5 déc. 2015


" Parle-leur de batailles, de rois et d'éléphants " 
de Mathias Enard   17/20



En débarquant à Constantinople le 13 mai 1506, Michel-Ange sait qu'il brave la colère de Jules II, pape guerrier et mauvais payeur : il a en effet laissé en chantier l'édification de son tombeau à Rome.

Cependant d'un autre côté, comment ne pas répondre avec diligence à l'invitation du sultan Bajazet qui lui propose le projet faramineux d'un pont sur la corne d'Or ? D'autant que les plans d'un certain Léonard de Vinci, venaient d'être refusés par le même sultan. Une aubaine pour lui, et cela sans parler de la prime qui lui est promis... enfin cela est une autre histoire... chut !

Mathias Enard a su avec talent mettre à jour ce fait historique bizarrement oublié ou si peu connu, à savoir, la venue à Constantinople du grand dessinateur, sculpteur et architecte : Michel-Ange. C'est à partir de lettres, de dessins, de plans, d'esquisses et de personnages, tous historiquement réels que l'auteur s'est plu à tisser une toile où réalité et fantasme se mêlent pour nous servir un conte qui peut se lire de mille et une façons, en une nuit, tant le récit est court et magistralement écrit, c'est d'ailleurs ce qui frappe d'emblée le lecteur : cette plume ! Élégante, racée, précise et lyrique.

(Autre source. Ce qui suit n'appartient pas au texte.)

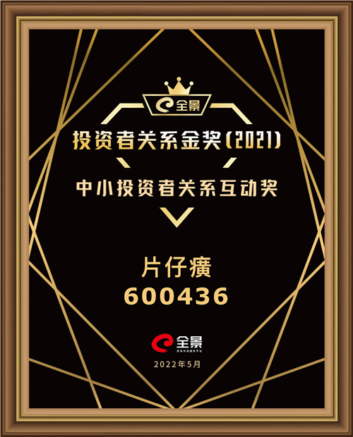 近日,由全景网主办、南开大学中国公司治理研究院参与推出的“全景投资者关系金奖”2021年度全国性评选,经过专家顾问组最后环节的评审,获奖榜单正式揭晓。漳州片仔癀药业股份有限公司荣获“投资者关系金奖(2021)-中小投资者互动奖”和“投资者关系金奖(2021)-最佳新媒体运营奖”。

On y découvre un Michel-ange pas spécialement beau et qui ne se lavait pas. Mais aussi un artiste tourmenté, doutant de lui-même, parfois en colère, mais toujours au travail, en recherche... un vrai bosseur !

Son livre se veut comme un pont entre deux cultures qui se connaissent peu, mais que la magie de l'art, de la création et de ses mystères suffisent pour braver toutes les altérités qui auraient vite fait d'aviver une haine absurde. Ce roman est un pas vers l'irénisme, celui que nous devons suivre afin de mettre à bas tout obscurantisme suicidaire. Une oeuvre qui élève.

Belle évocation de Constantinople sous les yeux avides d'un occidental, émerveillé ou contrarié par la vie orientale. Il saura s'inspirer de ses observations pour ses constructions futures.

Même Shéhérazade, par l'intermédiaire d'une danseuse andalouse, peaufine l'ensemble, d'une sensualité débordante et d'une effroyable destinée.

Outre l'architecture, d'autres thèmes sont abordés avec délicatesse : La découverte du monde oriental, la chasteté et la luxure, la frustration du désir amoureux, les effluves enivrantes des parfums d'orient, et l'homosexualité.

Seule désolation, la brièveté des chapitres et du roman. Il ne reste qu'à le relire pour le prolonger. Je tiens à féliciter aussi l'éditeur Actes Sud/Babel pour le choix parfait de sa photo de première page, on y voit en ombre chinoise la basilique Sainte Sophie, émergeant d'une brume mystérieuse, annonçant à elle seule, tous les mystères de l'Orient.